The chemical action taking place in the cell removes electrons from copper plate and transfers them to the zinc rod. This transference of electrons takes place through the agency of dil.`H_2So_4` (called electrolyte). Consequently, the copper plate attains a positive charge of +Q coulombs and zinc rod a charge of –Q coulombs. The chemical action of the cell has done a certain amount of work (say W joules) to do so. Clearly, the potential difference between the two plates will be W/Q volts. If the two plates are joined through a wire, some electrons from zinc rod will be attracted through the wire to copper plate. The chemical action of the cell now transfers an equal amount of electrons from copper plate to zinc rod internally through the cell to maintain original potential difference (i.e. W/Q). This process continues so long as the circuit is complete or so long as there is chemical energy. The flow of electrons through the external wire from zinc rod to copper plate is the electric current.

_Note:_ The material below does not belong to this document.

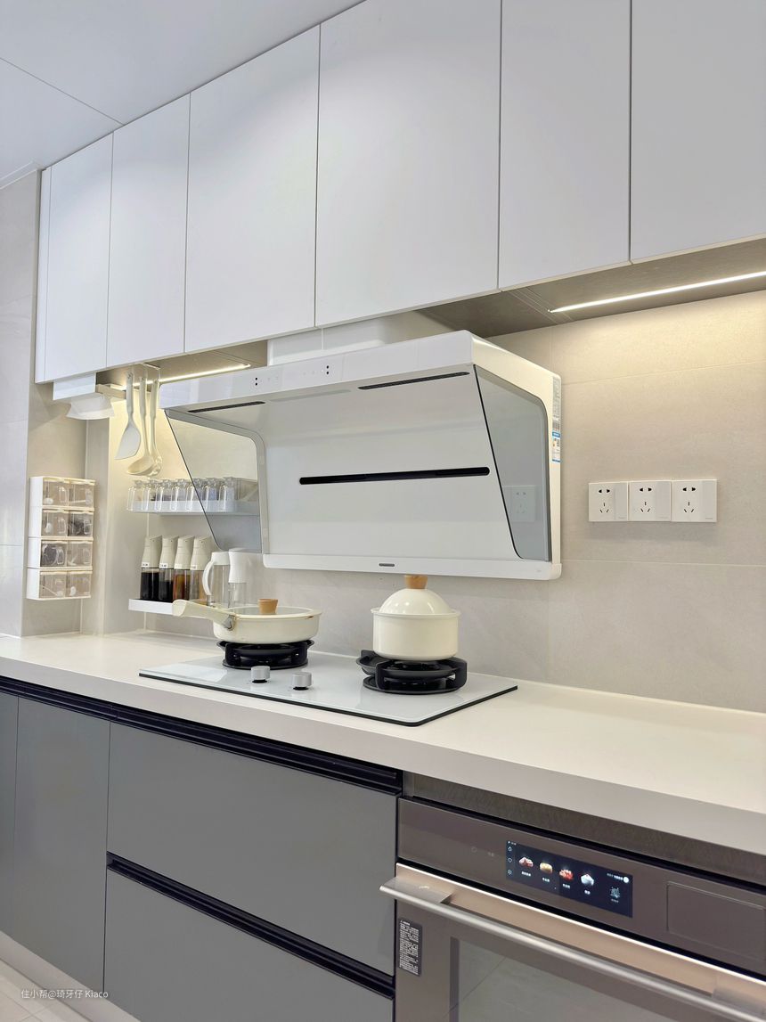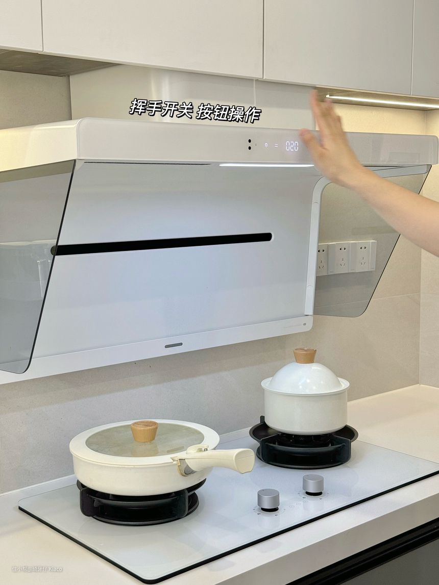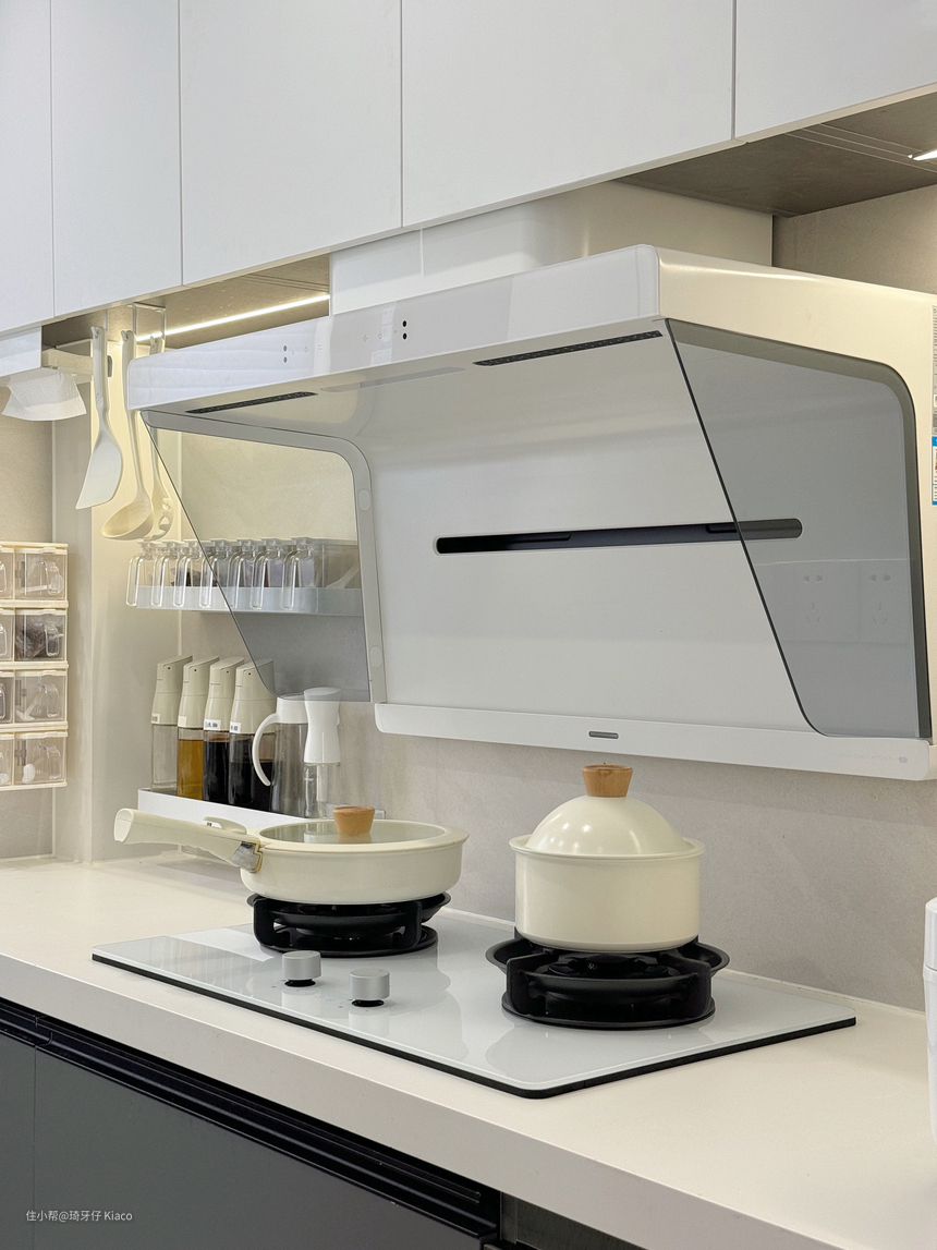 我家设计初期,就很担心半开放式厨房的油烟问题,所以选一台合适的油烟机真的很重要,我选的米家净烟机S2,始于颜值,陷于实力。白色的机身,超好看,安装在厨房整个空间都亮了。

Thus potential difference causes current to flow while an e.m.f. maintains the potential difference. Although both e.m.f. and p.d. are measured in volts, they do not mean exactly the same thing.
Conclusion
The Electromotive force is given (E.M.F) current generated at source such as a battery or generator which makes the electrons passage in a circuit and produces electrical current movement between two ends of circuit It is expressed in volts (V).Alternatively, the potential difference as a term comprises of voltage drop across an individual device or between two points on any circuit. It embodies the work done by moving electrons from one point to another in a circuit. The potential difference itself is measured in volts (V). Just as E.M_F _ and the corresponding PD are fundamental concepts of electricity, they also need further explanation for one to have an adequate understanding on electric circuits analysis.